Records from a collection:
===============

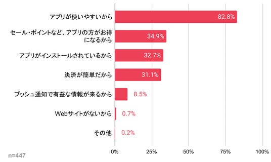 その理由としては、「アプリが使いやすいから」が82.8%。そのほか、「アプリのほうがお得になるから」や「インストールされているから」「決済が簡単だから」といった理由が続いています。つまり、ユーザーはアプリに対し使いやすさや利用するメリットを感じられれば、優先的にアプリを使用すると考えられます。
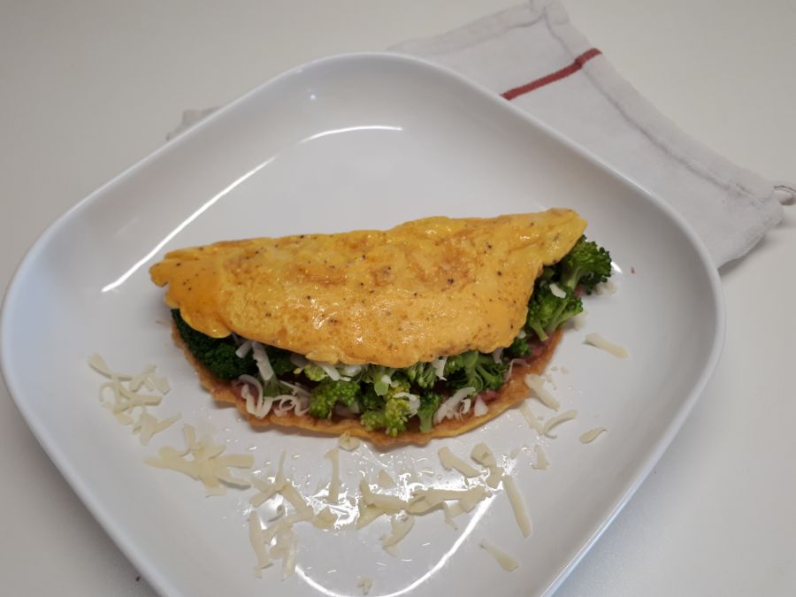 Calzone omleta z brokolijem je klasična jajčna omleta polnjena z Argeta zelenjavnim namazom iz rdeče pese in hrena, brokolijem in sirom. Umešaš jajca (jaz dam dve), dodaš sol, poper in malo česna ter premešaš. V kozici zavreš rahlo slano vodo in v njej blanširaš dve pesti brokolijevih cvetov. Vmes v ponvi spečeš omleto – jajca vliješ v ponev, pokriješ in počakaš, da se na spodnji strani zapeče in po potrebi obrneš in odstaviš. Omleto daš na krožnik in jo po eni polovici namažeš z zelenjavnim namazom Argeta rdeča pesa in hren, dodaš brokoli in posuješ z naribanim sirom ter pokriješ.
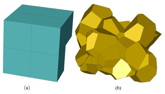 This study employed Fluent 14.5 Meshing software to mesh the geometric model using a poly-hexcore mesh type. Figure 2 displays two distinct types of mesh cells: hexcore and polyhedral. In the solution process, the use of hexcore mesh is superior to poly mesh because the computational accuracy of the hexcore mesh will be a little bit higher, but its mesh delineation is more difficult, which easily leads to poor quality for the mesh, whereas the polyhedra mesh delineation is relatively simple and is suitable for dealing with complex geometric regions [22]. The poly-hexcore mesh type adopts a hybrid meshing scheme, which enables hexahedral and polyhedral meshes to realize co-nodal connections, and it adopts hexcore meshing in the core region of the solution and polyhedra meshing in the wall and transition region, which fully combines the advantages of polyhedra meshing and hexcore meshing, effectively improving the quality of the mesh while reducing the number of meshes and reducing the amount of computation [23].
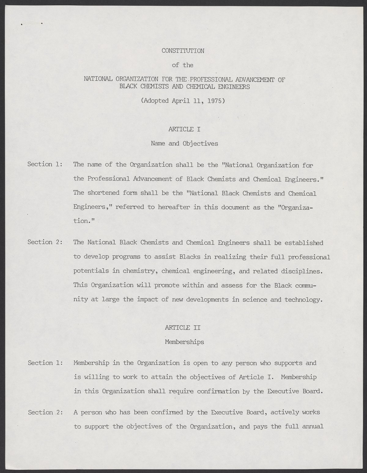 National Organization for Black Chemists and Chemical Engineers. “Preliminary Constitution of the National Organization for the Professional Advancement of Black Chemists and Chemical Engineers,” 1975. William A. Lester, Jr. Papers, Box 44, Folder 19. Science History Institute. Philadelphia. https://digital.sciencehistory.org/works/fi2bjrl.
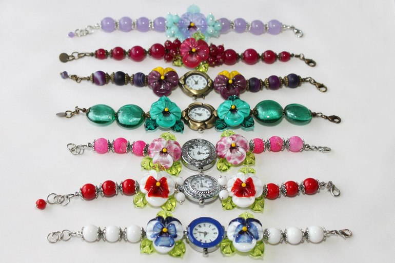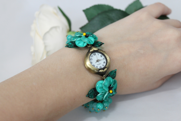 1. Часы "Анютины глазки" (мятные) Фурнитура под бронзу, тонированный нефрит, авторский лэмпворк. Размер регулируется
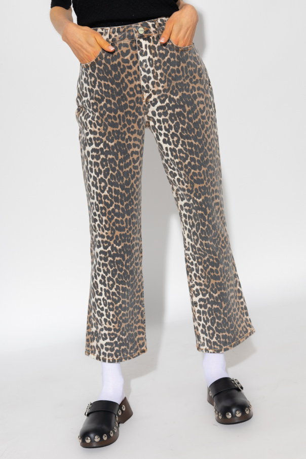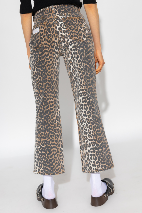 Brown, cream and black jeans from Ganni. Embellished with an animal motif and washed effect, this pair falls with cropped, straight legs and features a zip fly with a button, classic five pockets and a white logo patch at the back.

===============

Your objective —
Give again, please, precisely the lines that begin the records and run through the line with "This study employed" in it, keeping both end lines and dropping any pictures.

Answer box —
 その理由としては、「アプリが使いやすいから」が82.8%。そのほか、「アプリのほうがお得になるから」や「インストールされているから」「決済が簡単だから」といった理由が続いています。つまり、ユーザーはアプリに対し使いやすさや利用するメリットを感じられれば、優先的にアプリを使用すると考えられます。
 Calzone omleta z brokolijem je klasična jajčna omleta polnjena z Argeta zelenjavnim namazom iz rdeče pese in hrena, brokolijem in sirom. Umešaš jajca (jaz dam dve), dodaš sol, poper in malo česna ter premešaš. V kozici zavreš rahlo slano vodo in v njej blanširaš dve pesti brokolijevih cvetov. Vmes v ponvi spečeš omleto – jajca vliješ v ponev, pokriješ in počakaš, da se na spodnji strani zapeče in po potrebi obrneš in odstaviš. Omleto daš na krožnik in jo po eni polovici namažeš z zelenjavnim namazom Argeta rdeča pesa in hren, dodaš brokoli in posuješ z naribanim sirom ter pokriješ.
 This study employed Fluent 14.5 Meshing software to mesh the geometric model using a poly-hexcore mesh type. Figure 2 displays two distinct types of mesh cells: hexcore and polyhedral. In the solution process, the use of hexcore mesh is superior to poly mesh because the computational accuracy of the hexcore mesh will be a little bit higher, but its mesh delineation is more difficult, which easily leads to poor quality for the mesh, whereas the polyhedra mesh delineation is relatively simple and is suitable for dealing with complex geometric regions [22]. The poly-hexcore mesh type adopts a hybrid meshing scheme, which enables hexahedral and polyhedral meshes to realize co-nodal connections, and it adopts hexcore meshing in the core region of the solution and polyhedra meshing in the wall and transition region, which fully combines the advantages of polyhedra meshing and hexcore meshing, effectively improving the quality of the mesh while reducing the number of meshes and reducing the amount of computation [23].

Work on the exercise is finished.